President Bush opened his Monday night speech on Iraq with two stories. “Eleven years ago, as a condition for ending the Persian Gulf War, the Iraqi regime was required to destroy its weapons of mass destruction, to cease all development of such weapons, and to stop all support for terrorist groups,” he began. “The Iraqi regime has violated all of those obligations.” Then Bush turned to a second story: “On Sept. 11, 2001, America felt its vulnerability, even to threats that gather on the other side of the earth.”

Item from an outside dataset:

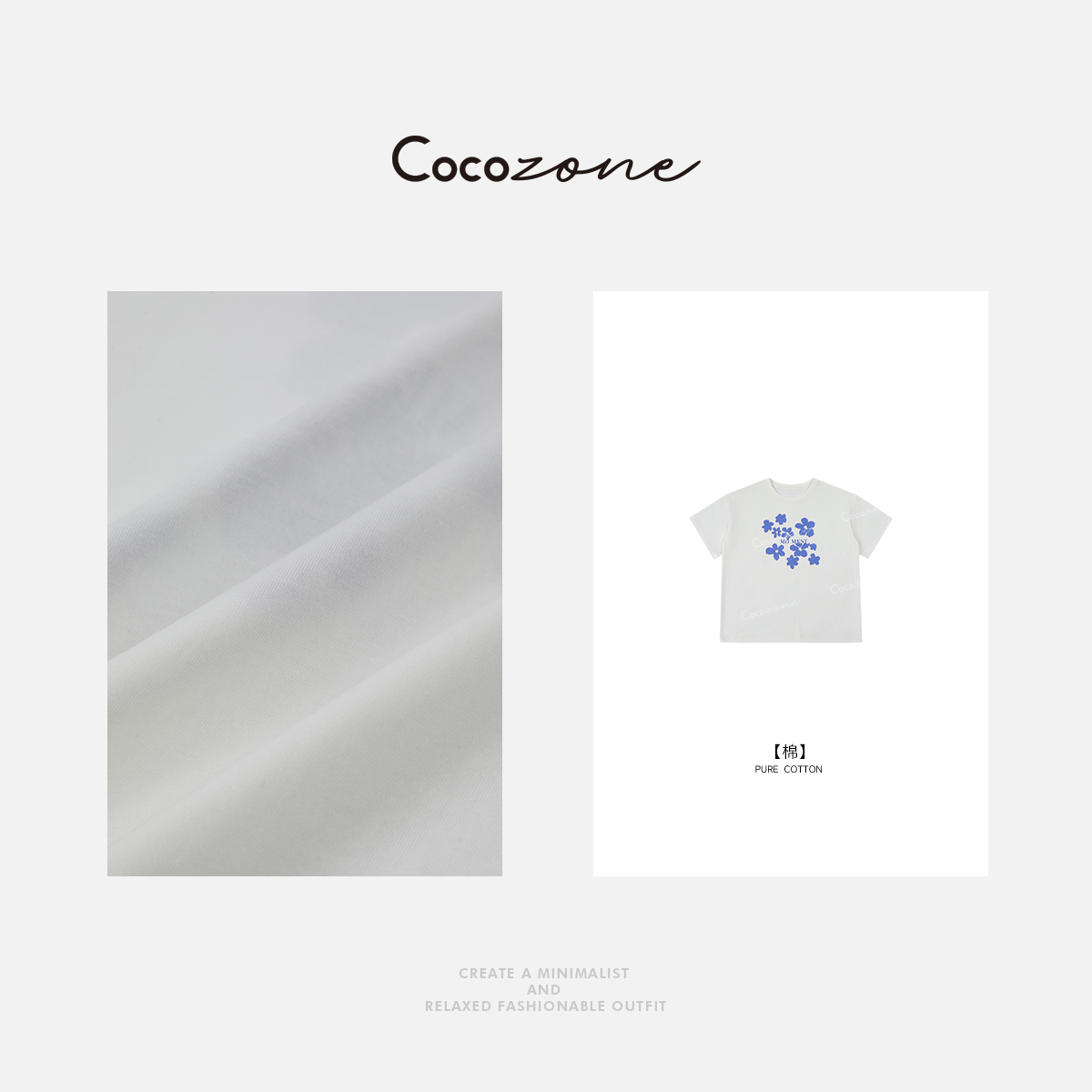 COCO ZONE 刘一一 2025新款小众字母印花圆领短袖T恤CD2A0572

Throughout his speech, Bush tried to weave the two stories together. He argued that Iraq was entangled with al-Qaida and that Sept. 11 revealed new dangers in Iraq that required military action. He tried to show, as he has for months, that war in Iraq would be part of the war on terror. Instead, he confirmed the opposite. If Bush had evidence linking the two wars, this was his last plausible chance to divulge it. He didn’t. It’s clear that the two stories are objectively unrelated. The link between them is subjective: The events of Sept. 11 lowered our standards for using force.

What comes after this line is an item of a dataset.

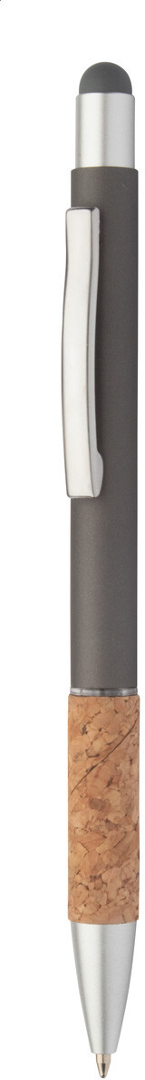 Hliníkové kuličkové a dotykové pero s úchopem z přírodního korku, matným povrchem těla a částí. S modrou náplní.
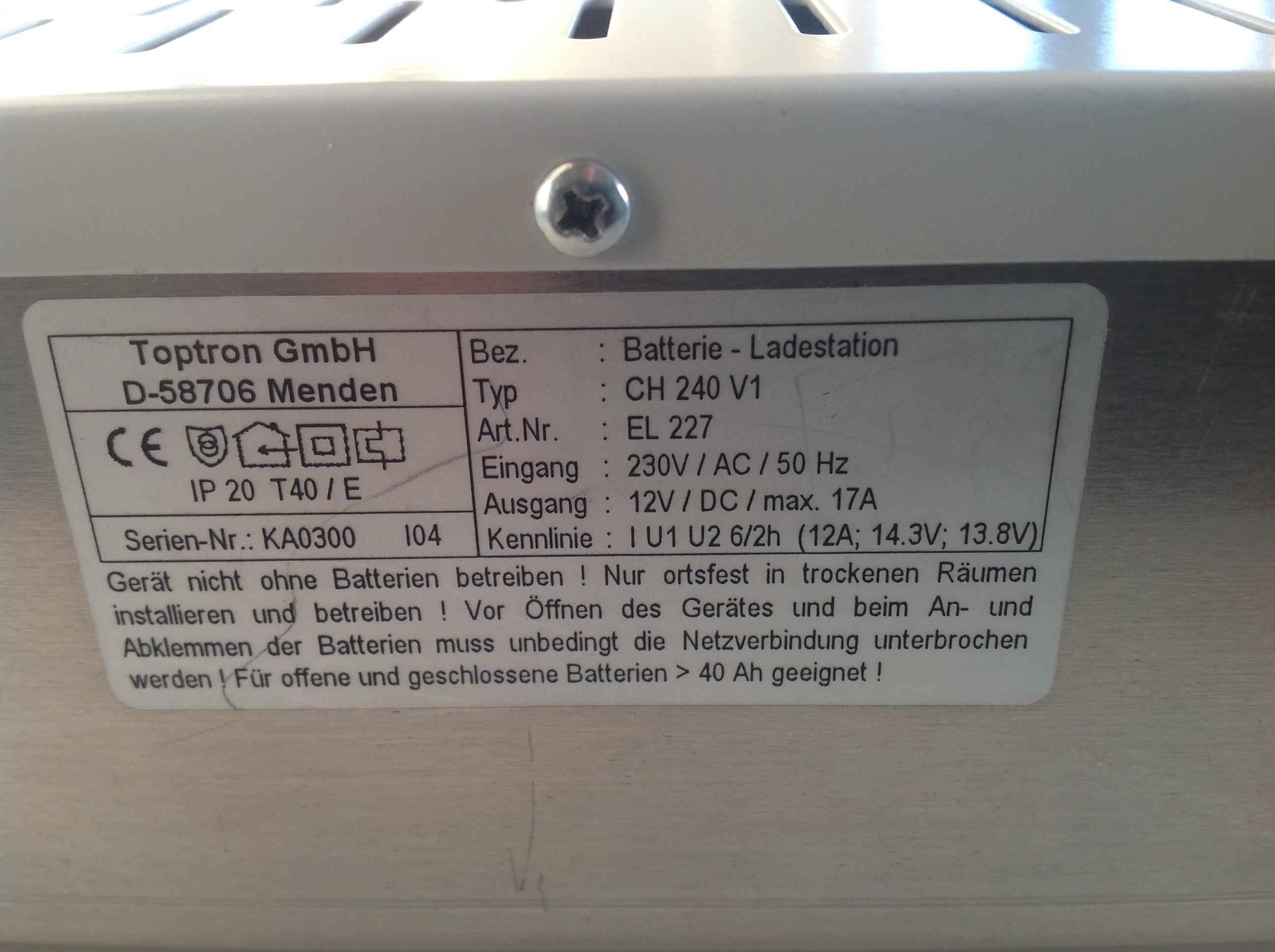 Ladegerät Toptron EL355http://WWW.Niesmann.de

The first story goes halfway toward justifying an assault on Iraq. It provides a clear justification for military action against Saddam Hussein. “Every chemical and biological weapon that Iraq has or makes is a direct violation of the truce that ended the Persian Gulf War in 1991,” Bush observed. He noted the many U.N. resolutions Saddam has breached since the war. The problem with this story is that it doesn’t justify unilateral action by the United States. It justifies action by the Persian Gulf war coalition or by the United Nations.
That’s why Bush turned to the second story. It provides a clear justification for American action. But the justification applies only to those who attacked us on Sept. 11. Bush tried to link Iraq to al-Qaida, but his attempts fell flat. He said that they both hate the United States, that some al-Qaida leaders have fled to Iraq, and that Iraqis have taught some members of al-Qaida how to build dangerous weapons. These things are true, but they aren’t unique to Iraq. Bush also pointed out that Iraq harbors terrorists, but he ignored other regimes that are more guilty of this offense.
Bush said Iraq and al-Qaida “have had high-level contacts,” but he didn’t specify what they were or how long ago they took place. He said Iraq could unleash “a chemical or biological attack” against us by using “one terrorist or Iraqi intelligence operative to deliver it.” The first delivery option makes the second gratuitous: If Saddam wants to send us anthrax or smallpox, he doesn’t need Osama Bin Laden to do it. And on the question of Iraq’s links to Sept. 11, the only evidence Bush produced was that “Saddam Hussein’s regime gleefully celebrated the terrorist attacks on America.” Not exactly a felony.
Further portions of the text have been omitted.